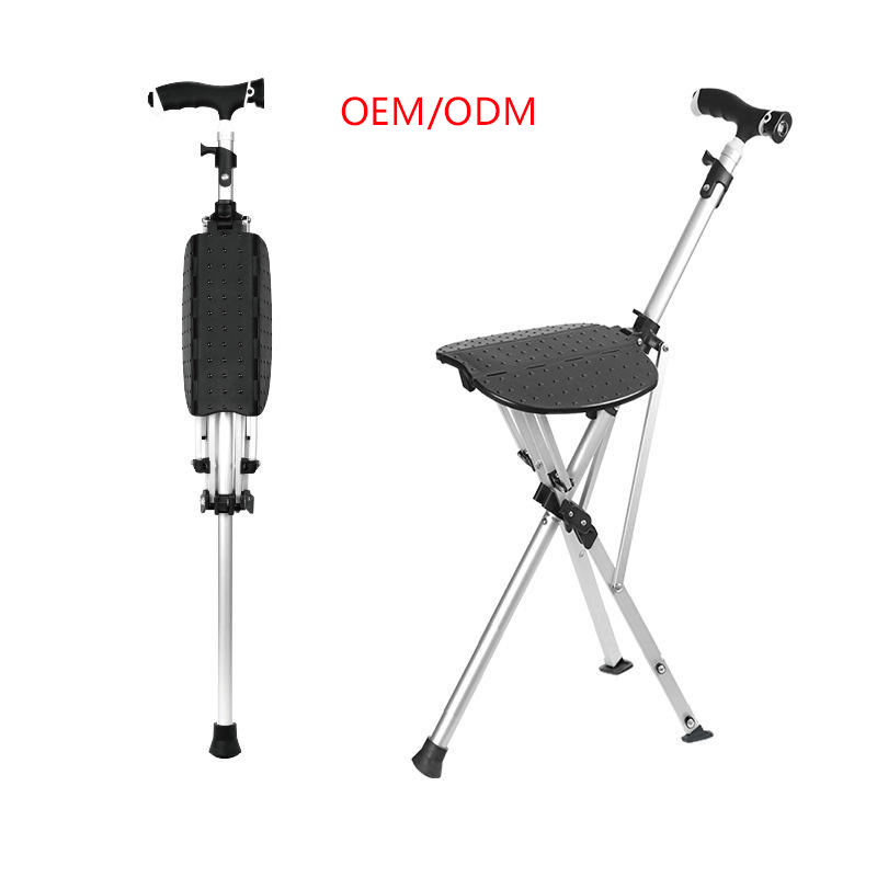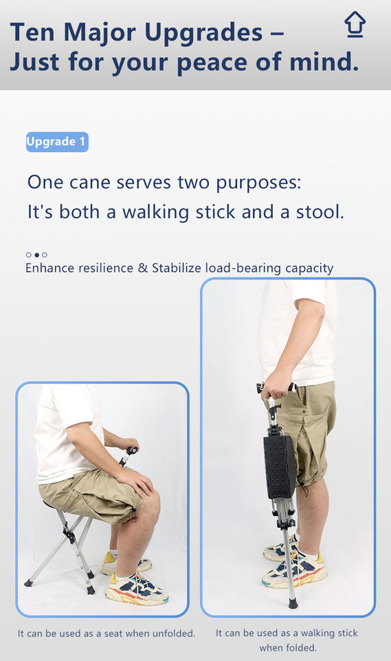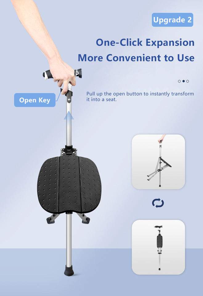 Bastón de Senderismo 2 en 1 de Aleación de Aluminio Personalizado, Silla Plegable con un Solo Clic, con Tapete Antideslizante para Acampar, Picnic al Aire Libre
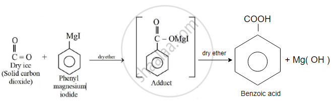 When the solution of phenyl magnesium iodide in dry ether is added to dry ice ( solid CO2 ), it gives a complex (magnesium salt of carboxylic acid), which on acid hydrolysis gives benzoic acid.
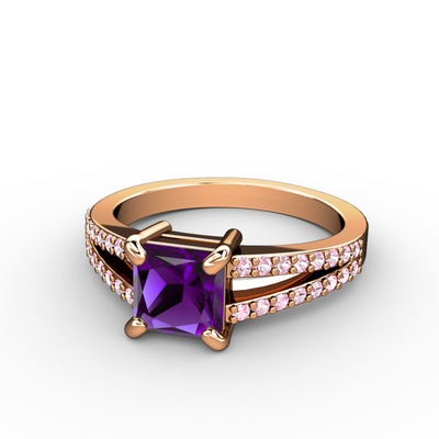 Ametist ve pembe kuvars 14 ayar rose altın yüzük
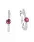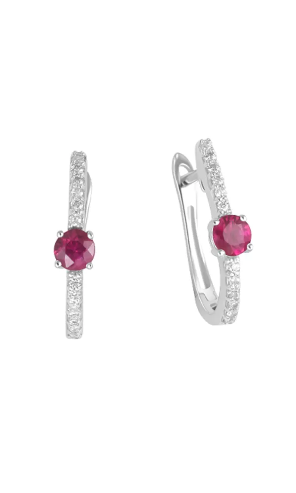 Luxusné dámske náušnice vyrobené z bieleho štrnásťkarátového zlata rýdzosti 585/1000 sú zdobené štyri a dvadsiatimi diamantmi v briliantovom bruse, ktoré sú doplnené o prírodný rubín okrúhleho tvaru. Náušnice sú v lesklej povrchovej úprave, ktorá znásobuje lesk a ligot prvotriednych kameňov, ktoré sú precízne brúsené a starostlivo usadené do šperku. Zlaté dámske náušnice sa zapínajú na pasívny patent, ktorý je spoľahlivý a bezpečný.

(What the task requires): An exact copy is needed of only the lines from the top of the material through the line with "Ametist ve pembe"; no pictures belong in it.

(Result for this task):
 Bastón de Senderismo 2 en 1 de Aleación de Aluminio Personalizado, Silla Plegable con un Solo Clic, con Tapete Antideslizante para Acampar, Picnic al Aire Libre
 When the solution of phenyl magnesium iodide in dry ether is added to dry ice ( solid CO2 ), it gives a complex (magnesium salt of carboxylic acid), which on acid hydrolysis gives benzoic acid.
 Ametist ve pembe kuvars 14 ayar rose altın yüzük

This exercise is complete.